Video features used per team team I3D C3D CNN+pool CNN+seq audio EURECOM X FDU X IMFD_IMPRESEE X X Insight_DCU X KsLab X PicSOM X RUCMM X X RUC_AIM3 X X X UTS_ISA X X 9 teams 5 3 2 3 1

Conclusions In the PicSOM experiments the use of also the COCO dataset proved to be beneficial Naïve use of fake video features for images was better than not to use images at all This conclusion might be different if our overall result level were higher we used more video data than just TGIF we used better video features than I3D we used pooling or RNN based aggregation of framewise features our implementation of self-critical training were better Model performance was very stable from validation with 2018 data to 2019 test data No other team used COCO dataset anymore Our results we clearly behind those of the best teams Specifying the run types in the way it was done now might be discontinued

Image Data, Video Data and Both in VTT Model Training Video-to-Text - PowerPoint PPT Presentation

Image Data, Video Data and Both in VTT Model Training Video-to-Text Task in TRECVID 2019 Jorma Laaksonen, PicSOM Team Department of Computer Science Aalto University School of Science Espoo, Finland November 13th, 2019 Contents Background

DIH summer school Introduction to brokerage Contact information: Heidi Korhonen (VTT) +358

Passive Monitoring of RTT spikes Jorma Kilpi VTT Information Technology P.O.Box 1202, 02044 VTT,

Image Restoration Image Enhancement and Image Restoration both deal with improving images.
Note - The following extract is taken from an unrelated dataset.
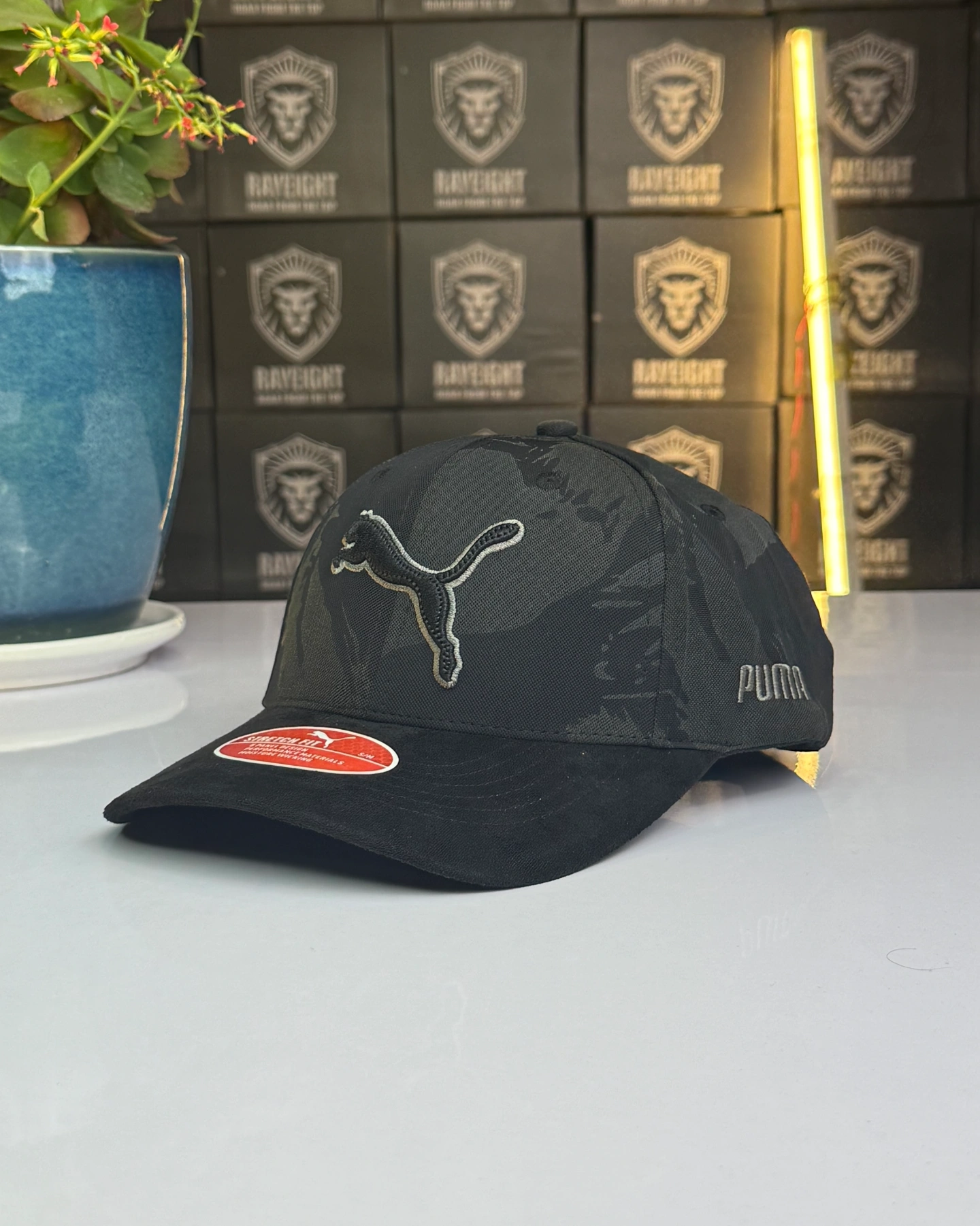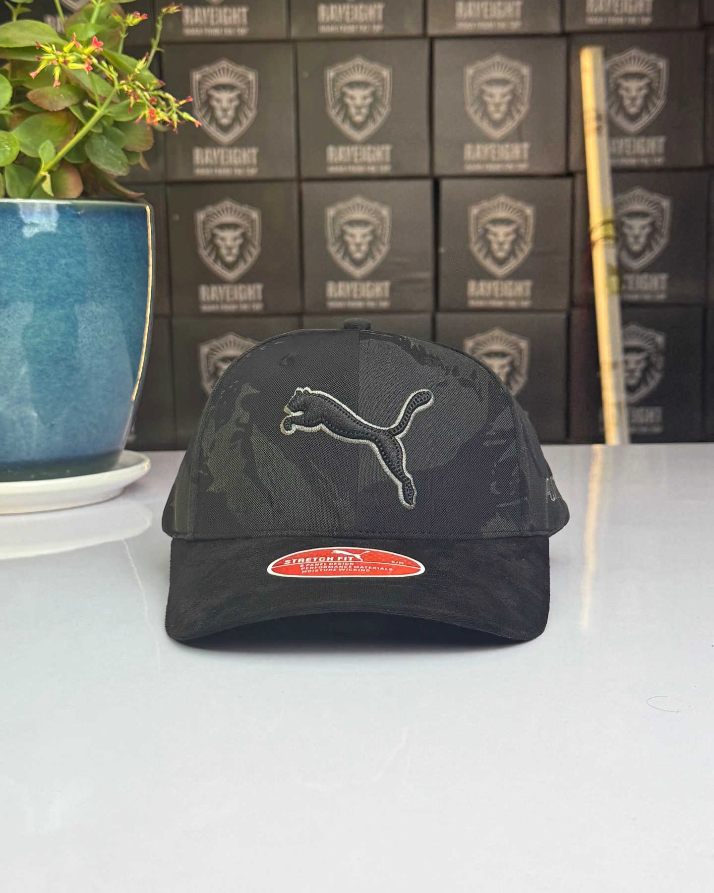 PUMA men's black camouflage cap features a stretch fit design with a prominent embroidered logo.

Image

Responsible Research and Innovation (RRI) Adjunct Professor & Principal Scientist Mika

Dynamic Approach to Service Level Agreement Risk Pirkko Kuusela and Ilkka Norros VTT, Technical

Image and Video Coding: Encoder Control D D = - R d R Problem Statement / Scope of Image

Image and Video Coding: Introduction bitstream encoder decoder Motivation Image and Video

Sustainable circular economy value propositions in clothing as a service -model IS PIM Virtual

OpenProd Demonstration Video for Dynamic Maintenance Service Model Tero Jokinen VTT

Trust and Cloud Services - An Interview Study Ilkka Uusitalo, Kaarina Karppinen, Arto Juhola and

TRANSIT BUS EMISSION STUDY COMPARISON OF EMISSIONS FROM DIESEL AND NATURAL GAS BUSES Nils-Olof

1 VTT TECHNICAL RESEARCH CENTRE OF FINLAND Applications Augmented on-site visualisation

1 VTT TECHNICAL RESEARCH CENTRE OF FINLAND Applications Augmented on-site visualisation

SUSTAINABLE UTILITY OF WOOD BIOMASS CURRENT TRENDS AT VTT Finnish-Japanese Workshop on

Energy-aware job scheduler for high- performance computing 7.9.2011 Olli Mmmel (VTT), Mikko

Video Games Written and Researched by: Patrick Kania First Video Game The first Video Game made

1 SVD applications: rank, column, row, and null spaces Rank : the rank of a matrix is equal to:

Personal Photo Enhancement using Example Images Neel Joshi Wojciech Matusik, Edward H. Adelson,

Linear Transformations Marco Chiarandini Department of Mathematics & Computer Science

CSSE463: Image Recognition Day 14 Lab due Weds. These solutions assume that you don't

CS 188: Artificial Intelligence Spring 2011 Lecture 21: Perceptrons 4/13/2010 Pieter Abbeel

Bag of Words Model Overview of todays lecture Bag-of-words. K-means clustering.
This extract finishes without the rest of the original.